The rocket stage went in first, followed a few minutes later by the LCROSS probe which gathered imagery and other data just before it too slammed into the surface.


Another spacecraft, Nasa's Lunar Reconnaissance Orbiter (LRO), was passing close by. It also was able to study the plume of material ejected into sunlight more than 15km above the rim of Cabeus.


Moon's 'archive'

The suite of instruments deployed on that day has determined as much as 20% of this dust plume was made up of volatile compounds, including methane, ammonia, hydrogen gas, carbon dioxide and carbon monoxide.


In addition, the instruments saw relatively large amounts of some metals, such as sodium, and mercury. There was even a signature of silver, but this was tiny.


Scientists say the water and mix of volatiles could be remnants of comet or asteroid impacts through the eons, but they reckon a number of quite complex chemical and physical processes are also working to cycle and migrate these substances around the Moon.
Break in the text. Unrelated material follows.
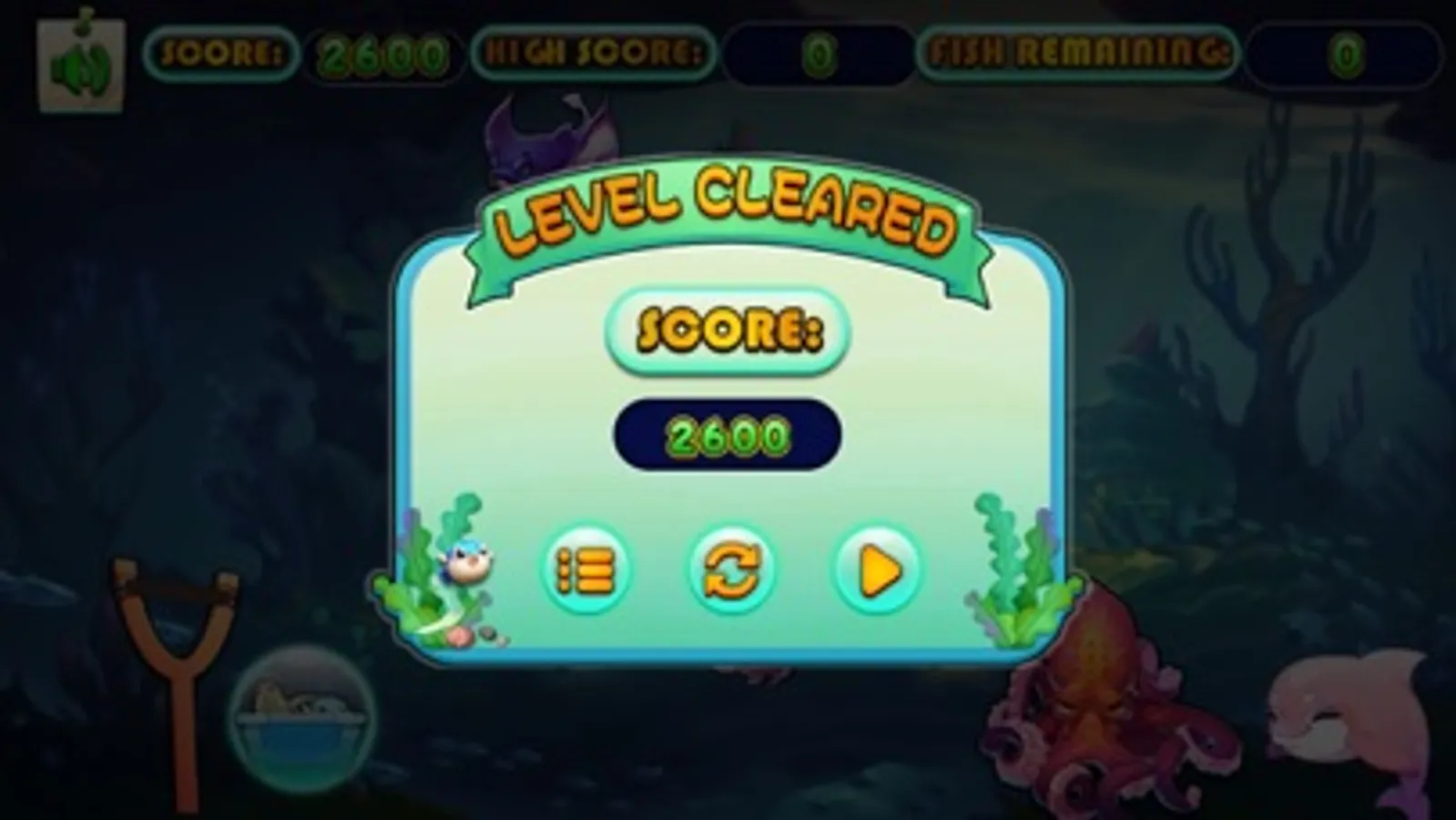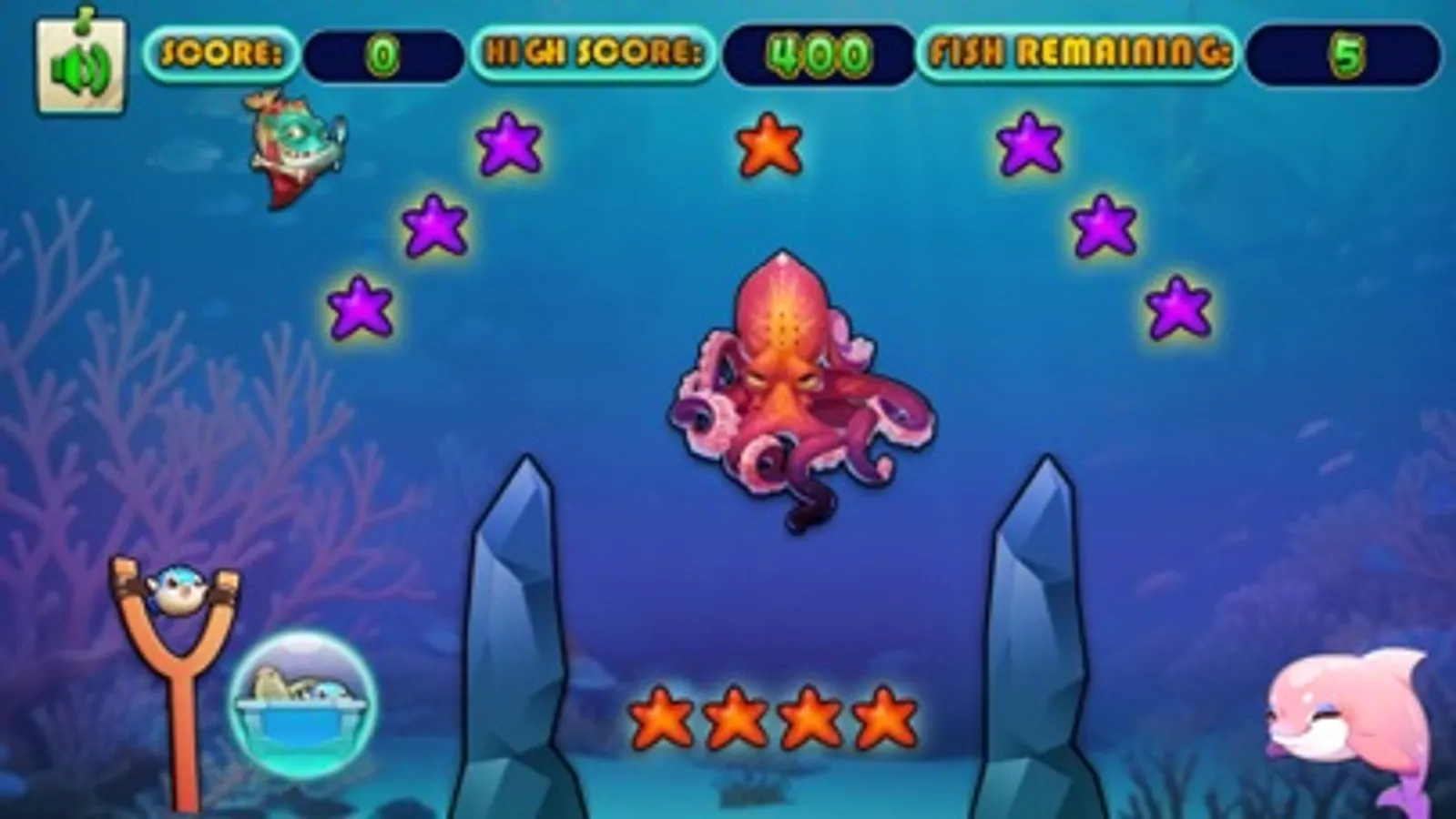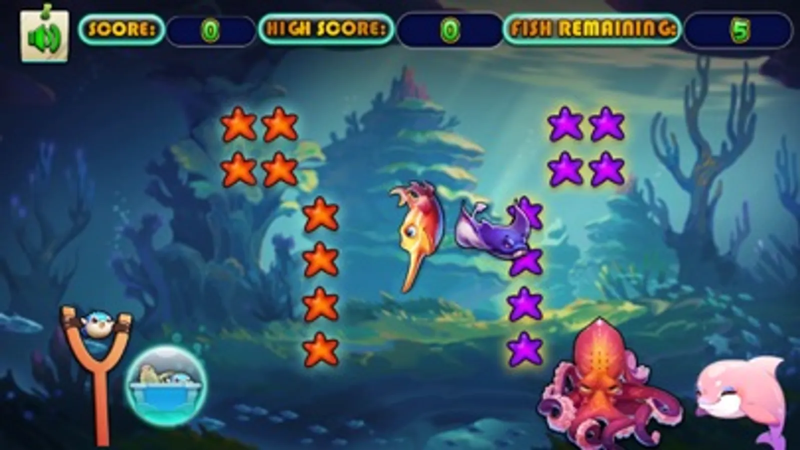 Press the slingshot to adjust the direction of the launch of small fish, and strive to throw more fish into the mouth of the dolphin, challenge high scores, at least let the dolphin eat a fish to pass
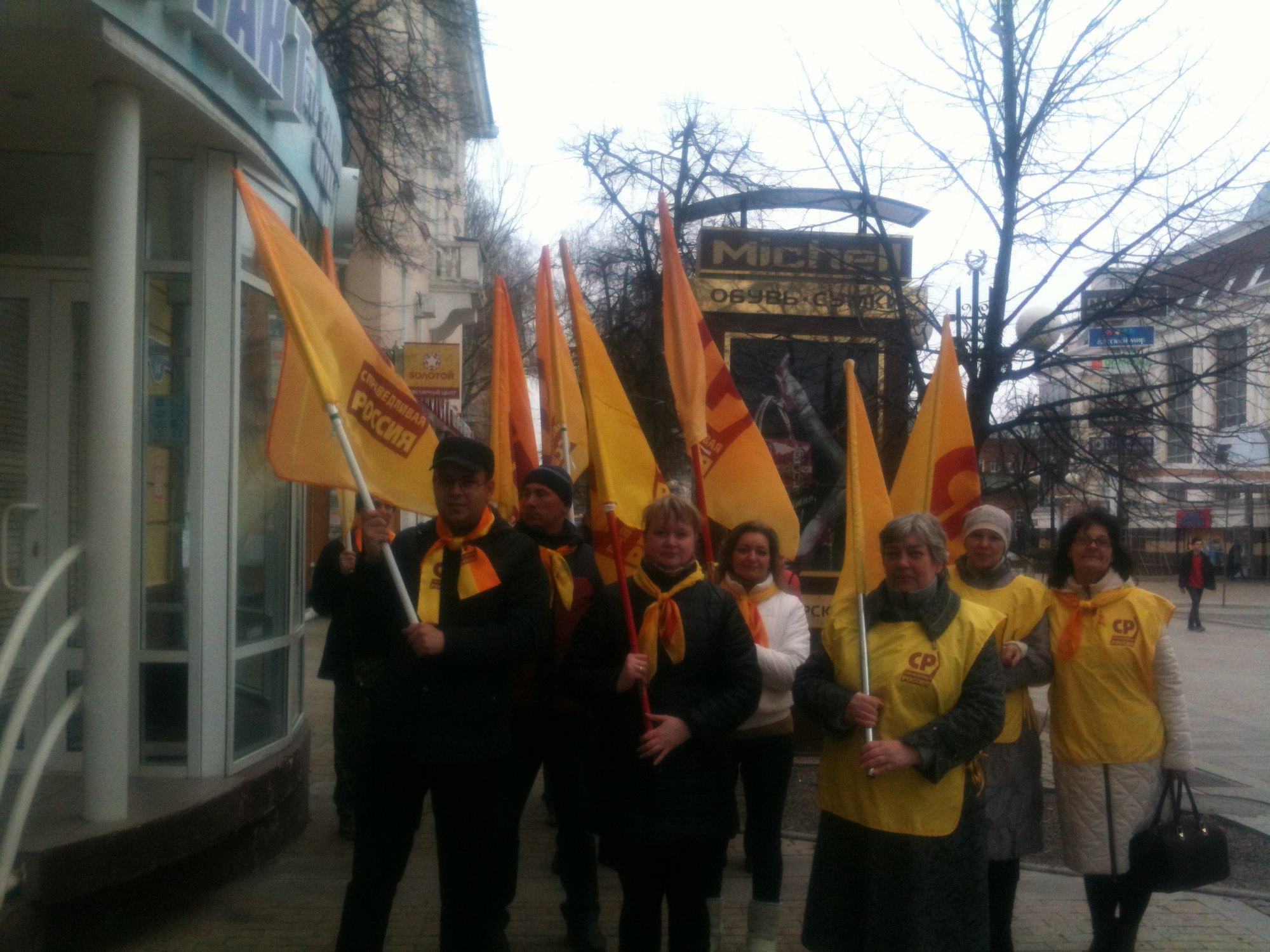 На митинг пришло более двухсот сторонников «Справедливой России». Основные лозунги мероприятия – «Крым наш!», «Крым – Россия!» и «Крым – русский полуостров».

"The LCORSS mission provided some surprises with significant implications for the creation, transport, collection and archiving of volatiles below the shadows of the south pole," said team-member Peter Schultz from Brown University.


"We've opened this lunar closet and discovered things we just didn't expect. And just as the Earth holds its clues to the past climates in the ices at its poles, the Moon also holds clues to past impacts and perhaps even the last stages of lunar volcanism."



Daytime temperatures at the Moon's southern pole. The shadowed parts of some craters are among the coldest places in the Solar System


The water-ice is not uniformly distributed across the southern pole. Rather, it is held in pockets.


Some of these oases are, like in Cabeus, to be found in shadows where LRO's Diviner instrument has sensed temperatures down to minus 244C. Under such conditions, ices will stay fixed for billions of years.


But the research indicates there is probably water-ice even in areas which receive some sunlight through the year, provided it is buried in the soil.


"We've dubbed these newly discovered regions 'lunar permafrost areas'; and they're very extensive," said David Paige, Diviner's principal investigator.


"This could facilitate future human and robotic explorers in their quest for understanding of the lunar ice, as well as its potential use as resource; because rather than having to brave the cold and dark conditions inside permanent shadow, they could land much more conventionally in areas where the sunlight is shining - at least for part of the year - and then dig a small distance below the surface and access the ice."